Joints should be filled with a suitable jointing material, which usually means a cement mortar, a two-part resin mortar (such as Pavestone Pointfix), or a proprietary cement slurry mortar. The one-part “brush-in” jointing compounds are common and when done well using a quality product, can give just about satisfactory service for a few years, but they are not as good as their 2-part cousins.
If you can stick a blade in, it’s probably not a quality product.
There should be no cracks in the jointing, no gaps and no missing joint fill. Joints should be filled to the top but may be tooled to give a specific profile which can be up to 2mm lower than the top of the joint.
The jointing medium should NOT stain or mark the surface of the paving.
Cutting:
It’s almost impossible to complete a paving project without needing to cut some pieces. This case study patio was laid out to use only full flagstones, but the connecting path had to tie-in with the existing areas of patio and required just a single cut. Even this proved too much for the hapless installer….
Cut pieces should fit. The paving should fill the gap as neatly and completely as possible, not finish short, as shown in the circle lower left. Small pieces of less than one-quarter of a full flag (or 300x300mm minimum) should not be used – lower right circle. And cut pieces still have to align with the other paving, not step-in or step-out, as in the upper circle. Also, having a unacceptable wide gap between the cut pieces and any adjacent edge or paving is a giveaway for the unskilled.
Small cut pieces are a regular feature from those with few or no real skills. There’s no excuse for any piece less 300mm in at least one direction, and preferably both.
Fittings:
Recess tray covers and other drainage fittings also feature regularly amongst the minor challenges that will defeat the incompetent. Failing to cut around lifting handles, neatly or at all; leaving overly wide joints that emphasise the tray or fitting rather than helping hide them; mis-matched or ill-fitting, inaccurate cuts – all a key indicator of the unskilled.
Steps:
Next, a quick guide to what’s required of steps.
They should never, ever breach (be higher than) the DPC of the property if built at a doorway.
They should not have risers greater than 175mm (200mm in exceptional cases with a single step). 150mm is the ideal.
Where multiple steps are required (a “flight”), all the risers must be the same height.
The tread should be at least 280mm deep and should have a slope or fall to ensure water does not collect on the surface.
The tread should “oversail” the riser, which means it sticks out a little to prevent water running directly down the riser.

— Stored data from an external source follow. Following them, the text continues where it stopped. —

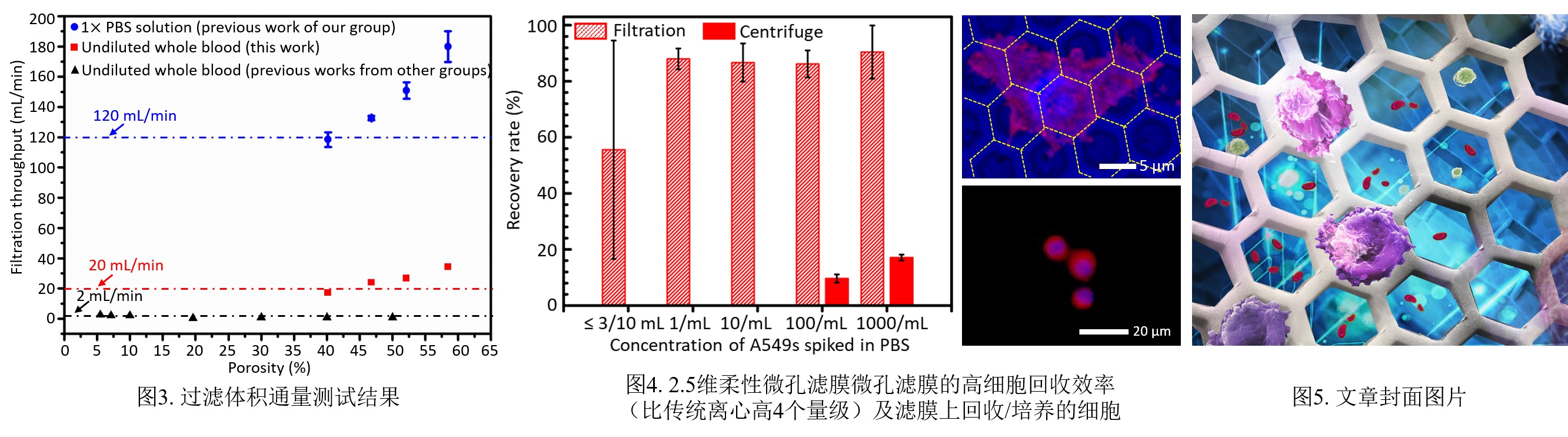 目前课题组正与多家医院的呼吸内科、皮肤科、泌尿外科、重症监护科、检验科等多个科室合作,开展所开发的2.5维柔性微孔滤膜技术在多种肿瘤诊断、预后监测以及真菌血症等临床重症诊断中的应用。该2.5维柔性微孔滤膜还被美国麻省理工学院、波士顿大学、圣母大学、加州大学戴维斯分校,以及清华大学、上海交通大学、复旦大学、中国科学院青岛生物能源与过程研究所和苏州创澜生物科技有限公司等多家知名大学研究团队与公司应用于多种细胞/微生物分离的研究和应用中,受到广泛好评,展现出优异的应用潜力。
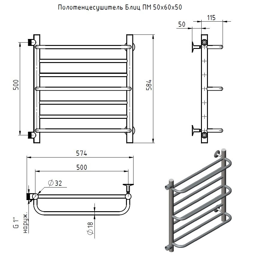 Полотенцесушитель Блиц ПМ 50*60*50 (ЛЦ21)
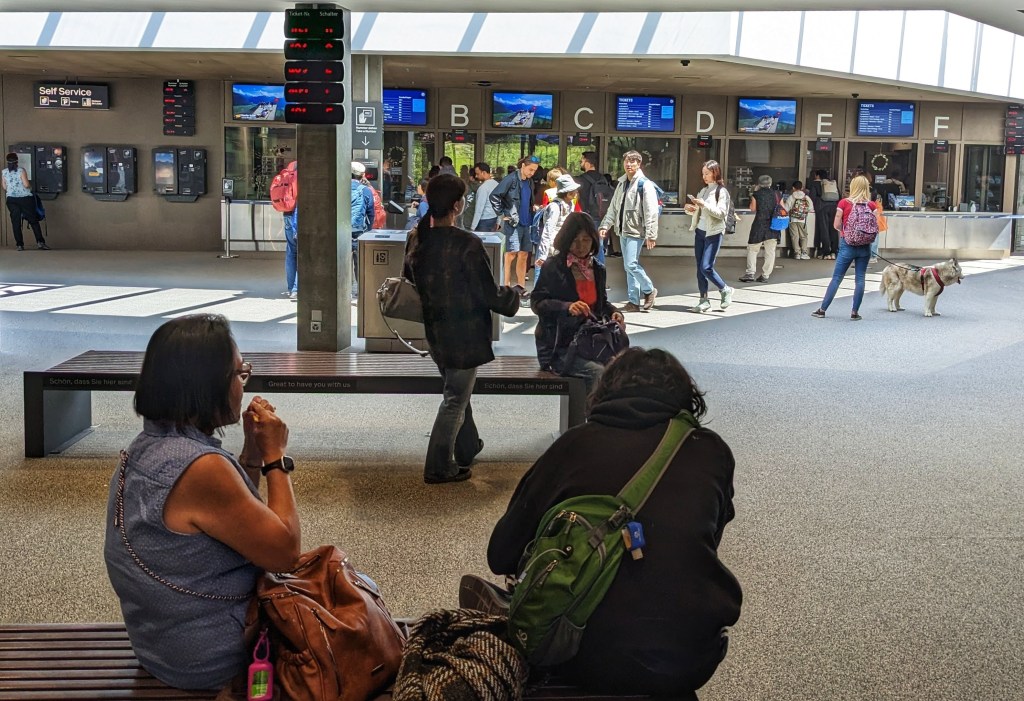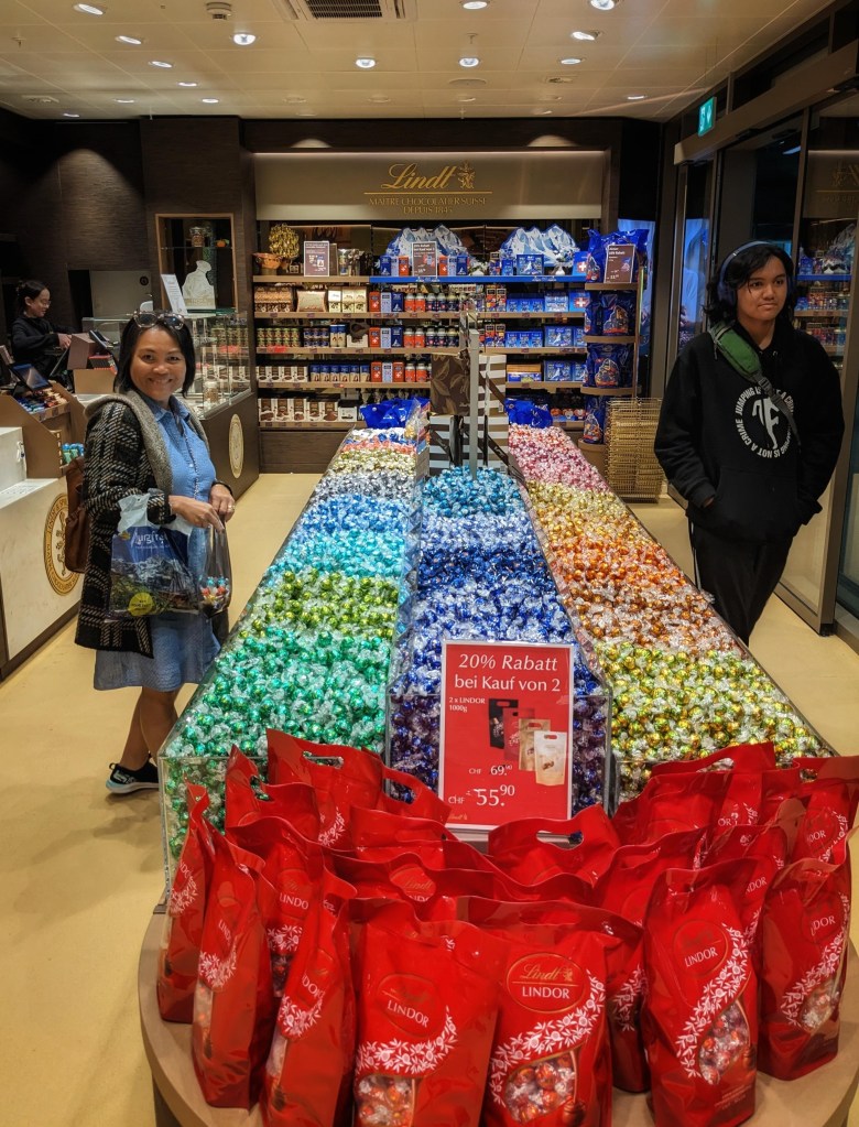 The descent to Grindelwald gives us a nice view of the village and surroundings. At the base of the cable car station visitors can treat themselves to a variety of famous swiss chocolate offerings.
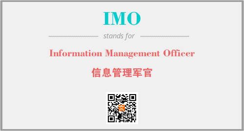 英文缩略词“IMO”经常作为“Information Management Officer”的英文缩写来使用,中文表示:“信息管理军官”。本文将详细介绍英文缩写词IMO所代表英文单词,其对应的中文拼音、详细解释以及在英语中的流行度。此外,还有关于缩略词IMO的分类、应用领域及相关应用示例等。
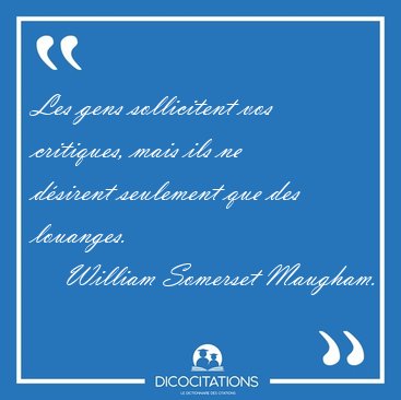 ![Les gens sollicitent vos critiques, mais ils ne désirent [...] - William Somerset Maugham... Les gens sollicitent vos critiques, mais ils ne désirent [...] - William Somerset Maugham...](/imagescitations/Les_gens_sollicitent_vos_critiques_mais_ils_ne_desirent_-_William_Somerset_Maugham-9073.jpg)
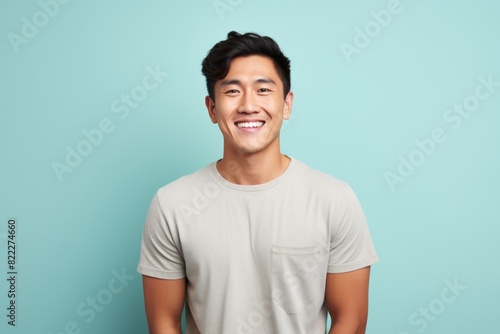 Portrait of a cheerful asian man in his 20s smiling at the camera in front of blank studio backdrop
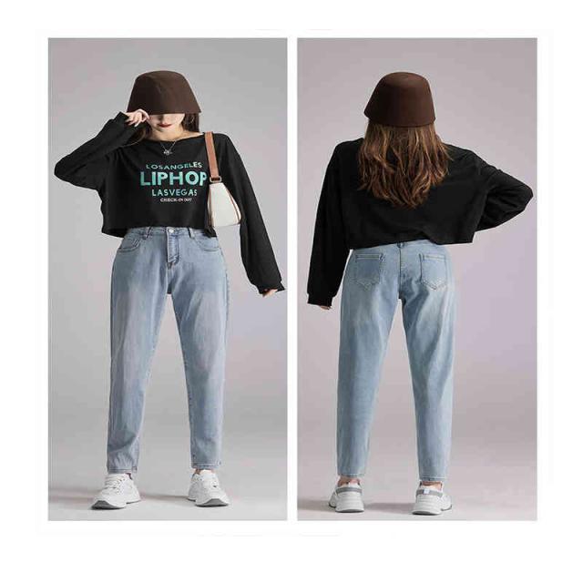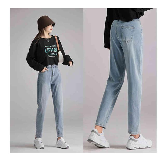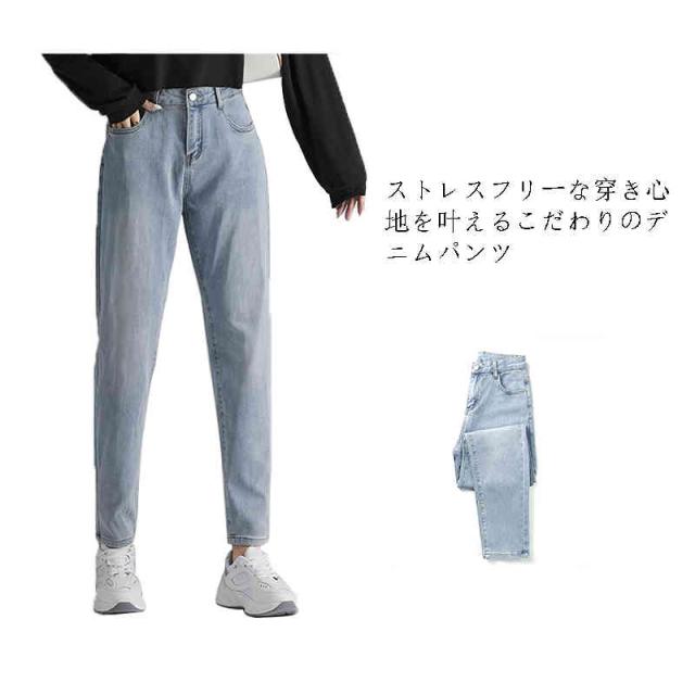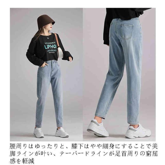 デニムパンツ ハイウエストテーパードデニム ジーンズ レディース テーパード 伸縮 美脚 大きいサイズ ゆるシルエット ボトム ジーパン 綿 柔らかい 7サイズ
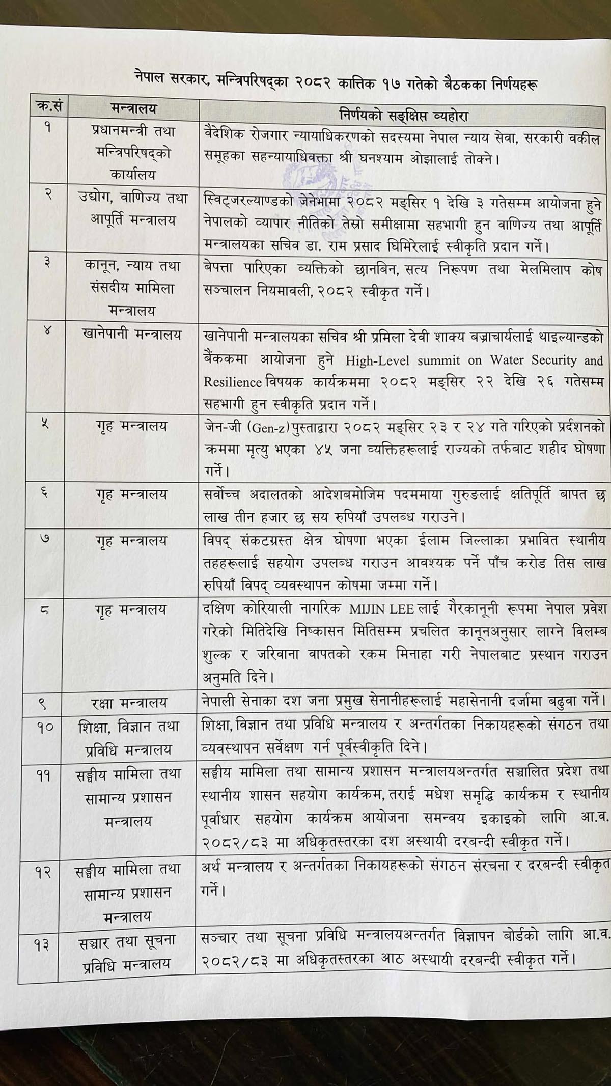 सार्वजनिक सार्वजनिक मन्त्रिपरिषद् बैठकका १३ निर्णयहरू यस प्रकार छन्:
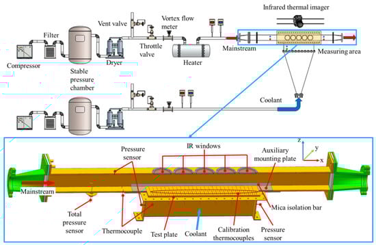 The experimental system, as illustrated in Figure 4, consisted of two primary flow paths: the mainstream for simulating high-temperature airflow and the coolant for film cooling. Prior to entering the test chamber, both flows passed through a honeycomb structure and a damping mesh to ensure uniformity. A pressure stabilization chamber was also installed at the coolant inlet to further minimize non-uniformities. The mainstream channel had a height of and a width of , with the first row of film cooling holes located downstream from the mainstream inlet.
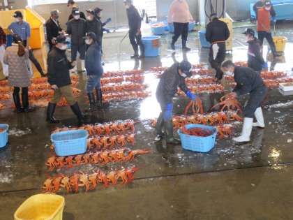 ズワイガニの昼セリの様子を見学しました。鮮度を保ち、新鮮なまま届けるための工夫がたくさんあることを知りました。セリ人と買い手のやりとりを間近で見ることができ、学習してきたこと再確認したり、新しい発見があったりしました。意欲的に質問する姿が見られ、子供たちは満足そうな様子でした。
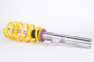 Das KW V2 Gewindefahrwerk ist das Fahrwerk für den versierten Sportfahrer, der zusätzlich zur individuellen Fahrzeugtieferlegung auch Anpassungen im Setup vornehmen möchte. Die individuell einstellbare Zugstufendämpfung gewährleistet eine bessere Anbindung auf schnellen Straßenabschnitten und eine einfachere Fahrzeugkontrolle. Darüber hinaus lässt sich der Abrollkomfort auf Schlechtwegestrecken mit einer angepassten Zugstufendämpfung maßgeblich beeinflussen.

Good steps will have a drip groove cut into the underside of the oversail to keep surface water away from the riser.
The treads should be absolutely firm and stable with no movement whatsoever. Treads should always be primed on the underside to ensure adhesion.
Conclusion:
Thanks to the very generous assistance of Pavestone, this homeowner was able to get their patio put right. This involved complete reconstruction by a competent installer, and Pavestone helped out by providing new flagstones at cost, in return for this case study.
The bulk of the cost was borne by the original incompetent installer….by order of the local court! All’s well that ends well, allegedly, but it’s much better if these problems are identified and corrected before final payment is made.